How to complete this task – Write out, without any change, the lines in the material below that run from the line with "a thick case" through the line with "- 2019 uusittu", both included.

Dataset –
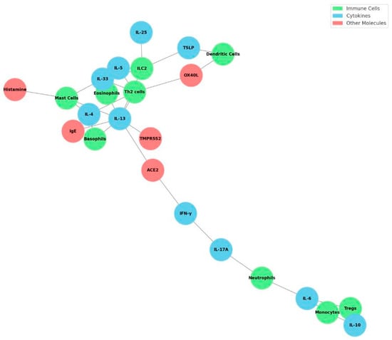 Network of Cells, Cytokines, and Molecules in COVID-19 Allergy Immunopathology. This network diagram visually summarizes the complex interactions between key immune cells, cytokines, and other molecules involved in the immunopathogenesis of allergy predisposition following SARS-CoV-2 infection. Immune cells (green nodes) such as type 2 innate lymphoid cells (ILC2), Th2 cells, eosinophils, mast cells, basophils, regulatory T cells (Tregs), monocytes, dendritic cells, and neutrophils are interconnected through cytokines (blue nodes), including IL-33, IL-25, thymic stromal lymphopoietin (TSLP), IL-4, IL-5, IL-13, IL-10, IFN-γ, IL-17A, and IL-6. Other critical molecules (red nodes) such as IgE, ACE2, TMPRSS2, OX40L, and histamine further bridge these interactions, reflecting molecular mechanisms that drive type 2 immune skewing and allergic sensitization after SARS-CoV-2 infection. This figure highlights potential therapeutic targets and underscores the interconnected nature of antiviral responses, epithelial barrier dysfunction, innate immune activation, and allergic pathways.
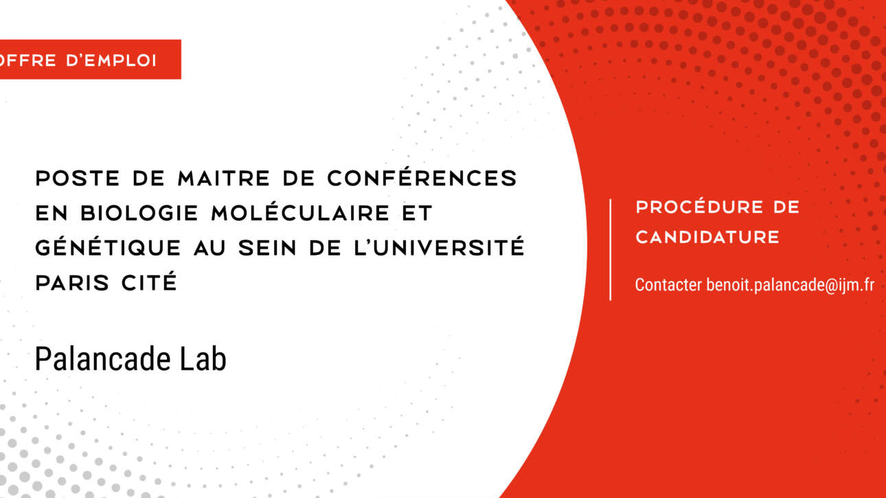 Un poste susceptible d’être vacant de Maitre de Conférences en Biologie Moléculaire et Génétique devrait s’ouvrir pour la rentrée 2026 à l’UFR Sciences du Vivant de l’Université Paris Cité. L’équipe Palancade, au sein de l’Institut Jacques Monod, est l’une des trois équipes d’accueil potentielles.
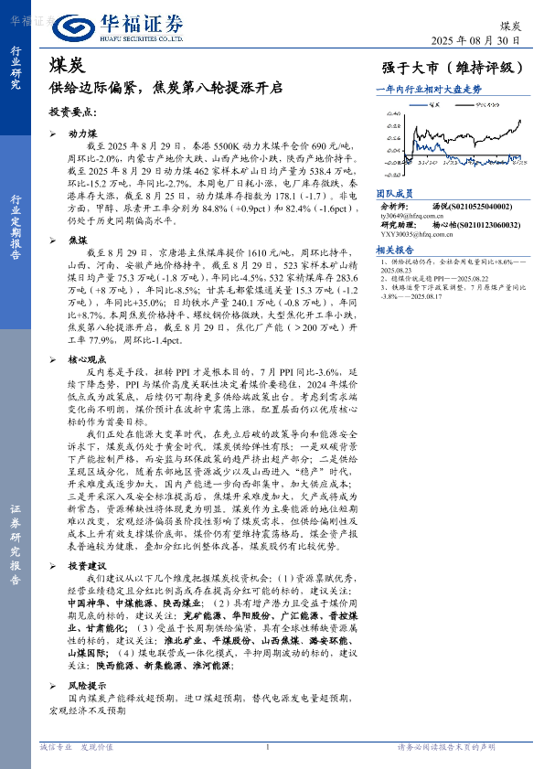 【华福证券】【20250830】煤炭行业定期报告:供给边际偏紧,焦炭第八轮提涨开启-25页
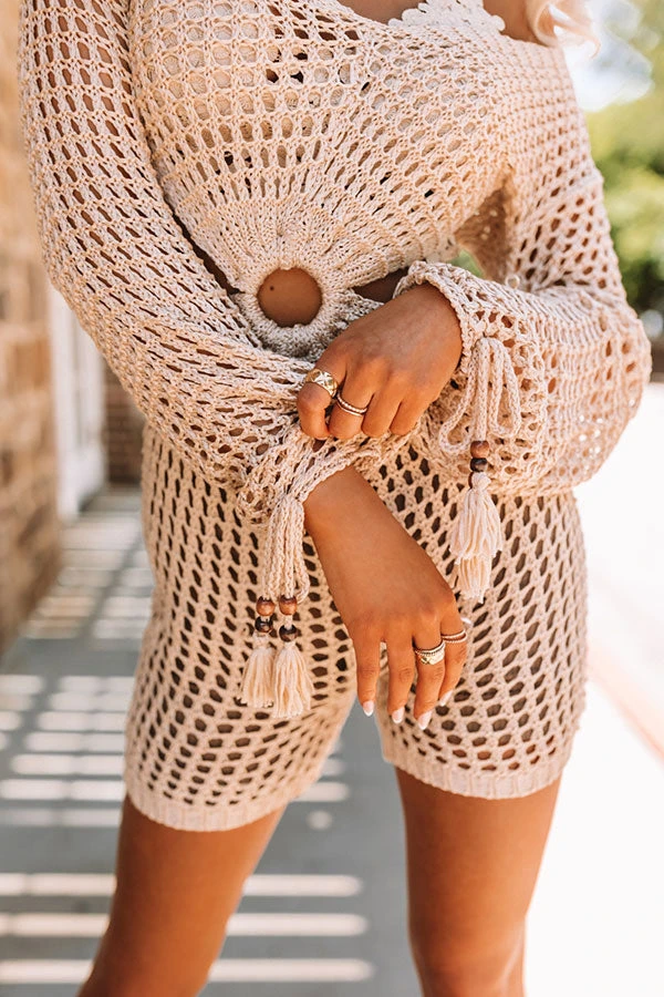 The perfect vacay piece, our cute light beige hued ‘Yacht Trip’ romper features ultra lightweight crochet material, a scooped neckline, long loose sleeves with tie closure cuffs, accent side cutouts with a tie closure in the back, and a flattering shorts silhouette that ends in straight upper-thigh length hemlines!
* * *
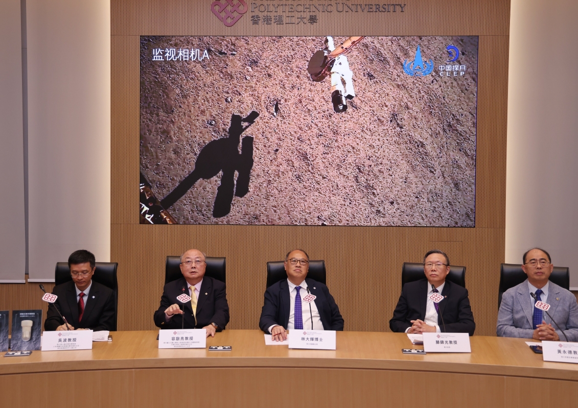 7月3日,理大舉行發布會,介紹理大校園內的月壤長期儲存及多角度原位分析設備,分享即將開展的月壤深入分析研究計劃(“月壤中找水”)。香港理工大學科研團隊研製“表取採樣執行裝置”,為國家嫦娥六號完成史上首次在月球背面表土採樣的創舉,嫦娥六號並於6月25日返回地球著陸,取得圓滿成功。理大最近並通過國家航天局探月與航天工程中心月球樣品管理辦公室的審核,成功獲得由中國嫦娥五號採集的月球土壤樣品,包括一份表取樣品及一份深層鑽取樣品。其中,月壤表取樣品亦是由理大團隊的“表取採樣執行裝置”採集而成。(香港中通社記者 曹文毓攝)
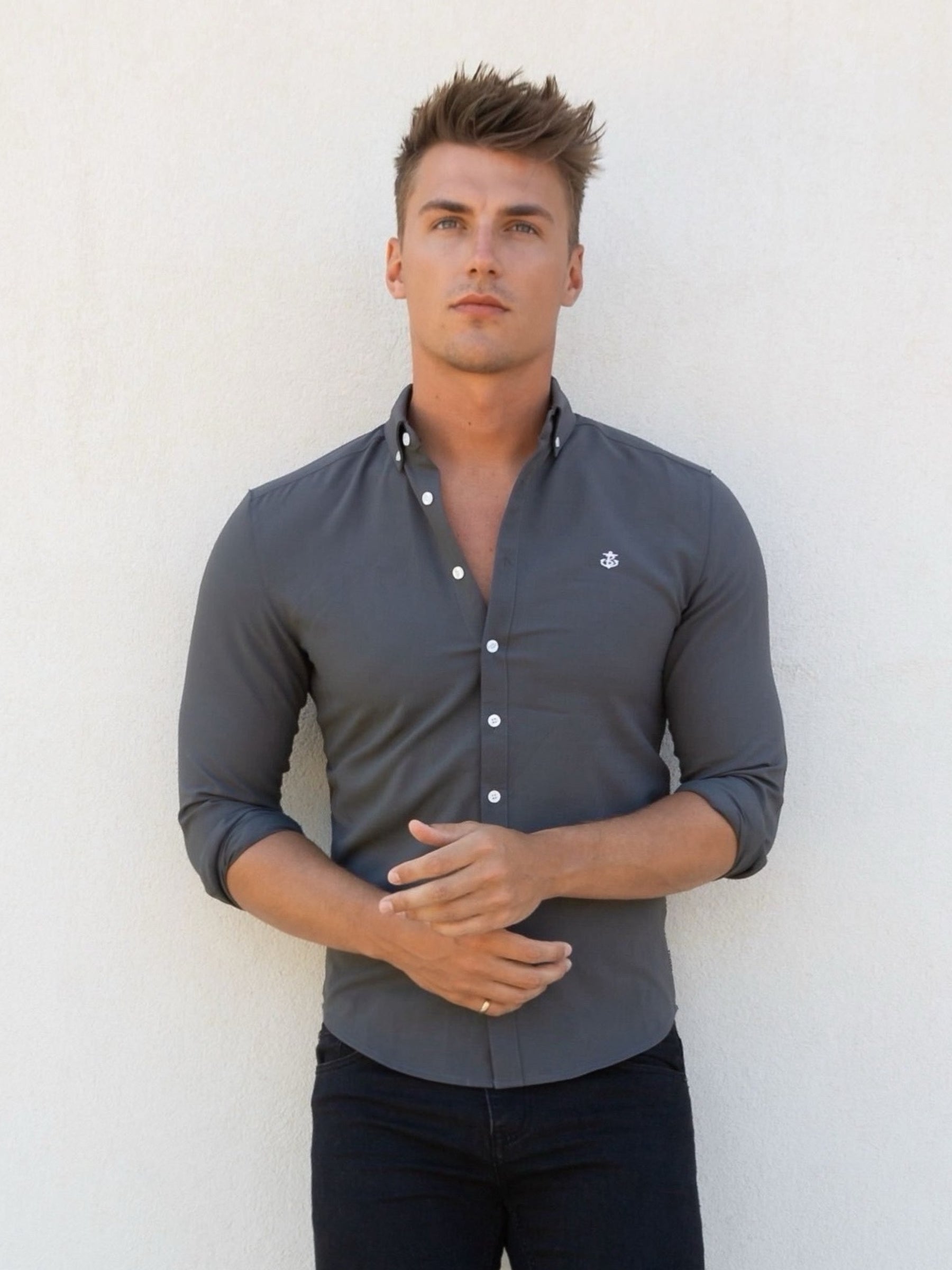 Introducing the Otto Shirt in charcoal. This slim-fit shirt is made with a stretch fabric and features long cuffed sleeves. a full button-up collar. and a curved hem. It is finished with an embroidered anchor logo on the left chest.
==
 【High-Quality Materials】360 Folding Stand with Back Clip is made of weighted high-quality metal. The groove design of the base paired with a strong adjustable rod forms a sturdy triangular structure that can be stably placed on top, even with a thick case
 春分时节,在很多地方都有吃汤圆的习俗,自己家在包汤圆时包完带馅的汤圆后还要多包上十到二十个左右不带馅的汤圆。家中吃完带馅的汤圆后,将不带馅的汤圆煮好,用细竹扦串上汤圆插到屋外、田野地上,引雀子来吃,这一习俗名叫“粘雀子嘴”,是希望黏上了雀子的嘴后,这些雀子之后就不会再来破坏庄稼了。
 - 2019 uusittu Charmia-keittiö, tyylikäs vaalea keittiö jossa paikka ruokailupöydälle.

Solution below –
 【High-Quality Materials】360 Folding Stand with Back Clip is made of weighted high-quality metal. The groove design of the base paired with a strong adjustable rod forms a sturdy triangular structure that can be stably placed on top, even with a thick case
 春分时节,在很多地方都有吃汤圆的习俗,自己家在包汤圆时包完带馅的汤圆后还要多包上十到二十个左右不带馅的汤圆。家中吃完带馅的汤圆后,将不带馅的汤圆煮好,用细竹扦串上汤圆插到屋外、田野地上,引雀子来吃,这一习俗名叫“粘雀子嘴”,是希望黏上了雀子的嘴后,这些雀子之后就不会再来破坏庄稼了。
 - 2019 uusittu Charmia-keittiö, tyylikäs vaalea keittiö jossa paikka ruokailupöydälle.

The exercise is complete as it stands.